Taft Stettinius & Hollister LLP

2200 IDS Center

80 South Eighth Street

Minneapolis, Minnesota 55402

 

 

March 14, 2025

Creative Realities, Inc.

13100 Magisterial Drive, Suite 100

Louisville, Kentucky 40223

 

 

Re:

Registration Statement on Form S-3 Filed by Creative Realities, Inc.

 

Ladies and Gentlemen:

 

We have acted as counsel to Creative Realities, Inc., a Minnesota corporation (the “Company”), in connection with the offer and sale by the Company of (i) warrants (the “Warrants”) to purchase up to an aggregate of 777,800 shares of common stock, par value $0.01 per share, of the Company (the “Common Stock”), and (ii) an aggregate of 777,800 shares of Common Stock issuable upon exercise of the Warrants (the “Warrant Shares” and collectively with the Warrants, the “Securities”), pursuant to that certain Settlement Agreement and Fifth Amendment to Merger Agreement dated March 14, 2025 among the Company, Reflect Systems, Inc. and RSI Exit Corporation (the “Settlement Agreement”).
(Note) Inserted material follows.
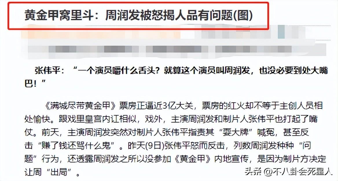 《满城尽带黄金甲》的制片人就曾怒喷周润发,称他在拍摄期间耍大牌,非要剧组给他在国际饭店开7间房,休息、化妆、讲戏、吃饭都要有不同的房间。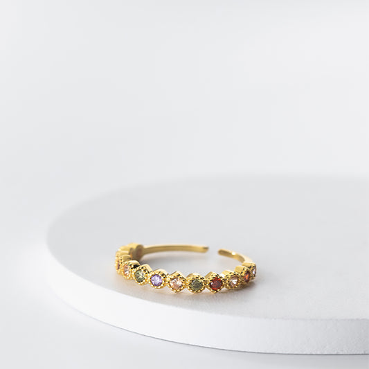 Ring Größenverstellbar aus 925 Silber Vergoldet mit bunten Zirkonia

The offering and sale of the Securities is included in a Registration Statement on Form S-3 (File No. 333-272202) (the “Registration Statement”) filed by the Company with the Securities and Exchange Commission (the “Commission”) under the Securities Act of 1933, as amended (the “Securities Act”), and declared effective by the Commission on June 6, 2023, and the prospectus supplement dated March 14, 2025 (the “Prospectus Supplement”), supplementing the prospectus dated June 6, 2023 (the “Base Prospectus”).

 

This opinion is being delivered in accordance with the requirements of Item 601(b)(5) of Regulation S-K under the Securities Act.

 

In connection with this opinion, we have examined all documents, records, certificates and matters of law as in our judgment are necessary or appropriate to enable us to render the opinions expressed below.

 

In rendering the opinions expressed herein, we have, without independent inquiry or investigation, assumed that (i) all documents submitted to us as originals are authentic and complete, (ii) all documents submitted to us as copies conform to authentic, complete originals, (iii) all signatures on all documents that we reviewed are genuine, (iv) all natural persons executing documents had and have the legal capacity to do so, (v) all statements in certificates of public officials and officers of the Company that we reviewed were and are accurate and (vi) all representations made by the Company as to matters of fact in the documents that we reviewed were and are accurate.

 

Based on the foregoing, we are of the opinion that:

 

 

1.

The Warrants, when issued and delivered by the Company pursuant to the terms of the Settlement Agreement, against receipt of the consideration provided for in the Settlement Agreement, will be valid and binding obligations of the Company, enforceable against the Company in accordance with their terms; and

 

 

2.

The Warrant Shares have been duly authorized and, if and when issued and delivered by the Company upon exercise of the Warrants in accordance with the terms thereof, including, without limitation, the payment in full of applicable consideration, the Warrant Shares will be validly issued, fully paid and nonassessable.

 

 

 

The opinion set forth in paragraph 1 above is subject to (i) the effect of any applicable bankruptcy, insolvency, reorganization, moratorium or similar law relating to or affecting creditors’ rights generally (including, without limitation, fraudulent conveyance laws) and (ii) the effect of general principles of equity, including, without limitation, concepts of materiality, reasonableness, good faith and fair dealing and the possible unavailability of specific performance or injunctive relief, regardless of whether considered in a proceeding in equity or at law.

 

We are members of the bar of the State of Minnesota and express no opinion as to the laws of any state or jurisdiction. With respect to our opinion in paragraph 1 relating to the enforceability of the Warrants, which by their terms are governed by the laws of the State of Delaware, we have assumed without investigation or review that the internal law of the State of Delaware is identical to the internal law of the State of Minnesota.

 

This opinion is intended solely for your use in connection with the offering and sale of the Securities and is not to be relied upon for any other purpose. This opinion is rendered on, and speaks only as of, the date of this letter first written above, and does not address any potential change in facts or law that may occur after the date of this opinion letter. We assume no obligation to advise you of any fact, circumstance, event or change in the law or the facts that may hereafter be brought to our attention, whether or not such occurrence would affect or modify any of the opinions expressed herein.

 

We hereby consent to the inclusion of this opinion as an exhibit to the Company’s Current Report on Form 8-K filed on March 17, 2025 and further consent to references to us under the caption “Legal Matters” in the Prospectus Supplement. In giving this consent, we do not thereby admit that we are included in the category of persons whose consent is required under Section 7 of the Securities Act or the rules and regulations of the Commission promulgated thereunder.